Where should the Omega logo sit? Should the Omega logo be near the middle or towards the edge of the wrist? Since this is a single fold, I would think the buckle part sits closer to the side of the wrist? I'm looking to get some custom straps, but not sure what's an ideal starting point for a...




www.watchuseek.com





Before considering this option, I was an exclusive user of the double-fold deployant (RHD makes a good one, but Amazon ones work just as well). But I think from a comfort level, the single-fold deployant like that of Omega is better.


----------



## ck2k01

Jezec said:


> From what I understand, this style of clasp is basically a derivative of the Omega deployant clasp. Based on your set up, the buckle sits on the center of your wrist? I believe that the buckle should sit closer to the 6 o'clock so that the wrist can mold with the curvature of the deployant. Please refer to this post.
> 
> [/URL unfurl="true"]https://www.watchuseek.com/threads/how-should-the-omega-deployant-clasp-sit-on-the-wrist.5322858/#post-53712466[/URL]
> 
> Before considering this option, I was an exclusive user of the double-fold deployant (RHD makes a good one, but Amazon ones work just as well). But I think from a comfort level, the single-fold deployant like that of Omega is better.


Indeed. I'd heard references to Omega and Breitling. I never looked into which, or whether either, first came up with the design.

I just checked where the clasp sits on my wrist: and can confirm just about at the center.










I'm at the last hole for comfort, so I don't think I could adjust even if I wanted to.










Ditto about the butterfly deployants. I picked up a bunch of the decent cheap ones on Amazon. Brushed some of them myself, and kept a few stock polished. They're a little more straightforward to setup/more versatile than the type you and I prefer, so that's a plus. But the comfort of the ones we prefer seems unmatched 

Sent from my iPhone using Tapatalk


----------



## bth1234

A few observations. Everything you said about the omega style closure is spot on. The other great thing is that you never have to bend and flex the strap to fasten it. Your watch strap keeps looking better for longer, as well as being more stylish because there's no keepers

The biggest problem is that strap lengths for a standard tang clasp.are say 125/80mm, whereas standard omega lengths for a keeper-less clasp are more like 105/100.

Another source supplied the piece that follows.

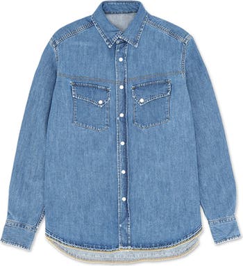 The Pasadena Western Denim Shirt embodies Fortela's artisanal tradition. This texan-style shirt features a regular fit, front and back yokes, and two flap pockets. Mother-of-pearl snap buttons add a refined touch. Crafted in Italy from 100% denim, it reflects Fortela's commitment to quality and timeless elegance.

If you fit a standard length strap to an omega closure the watch head will sit in a different part of the wrist. I found that 18/16mm and 20/18mm straps and clasps are generally ok, as the watch can be moved around the wrist to a more wrist-friendly position. However many.of the Chinese 20mm clasps for 22/20mm straps are not so friendly.

You also get the problem of fitting the strap to the clasp, as was pointed out. Some straps are just too thick to fit.

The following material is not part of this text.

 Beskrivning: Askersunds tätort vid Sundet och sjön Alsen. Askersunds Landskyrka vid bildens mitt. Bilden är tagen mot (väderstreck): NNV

Finally, one other point is using omega closures with rubber straps. Fantastic, as long as the clasp is thick enough to accept the rubber. Some aren't.

Like others above, I now have a decent selection of both butterfly clasps and Omega clasps, and I rarely leave any watch strap on a tang.


----------



## CayoHuesoVespa

favorite: I wear the omega deploy on nearly everything.
comfortable, safer, looks great.

least favorite: panerai deploy, it digs into your wrist.


----------



## Jezec

CayoHuesoVespa said:


> favorite: I wear the omega deploy on nearly everything.
> comfortable, safer, looks great.
> 
> least favorite: panerai deploy, it digs into your wrist.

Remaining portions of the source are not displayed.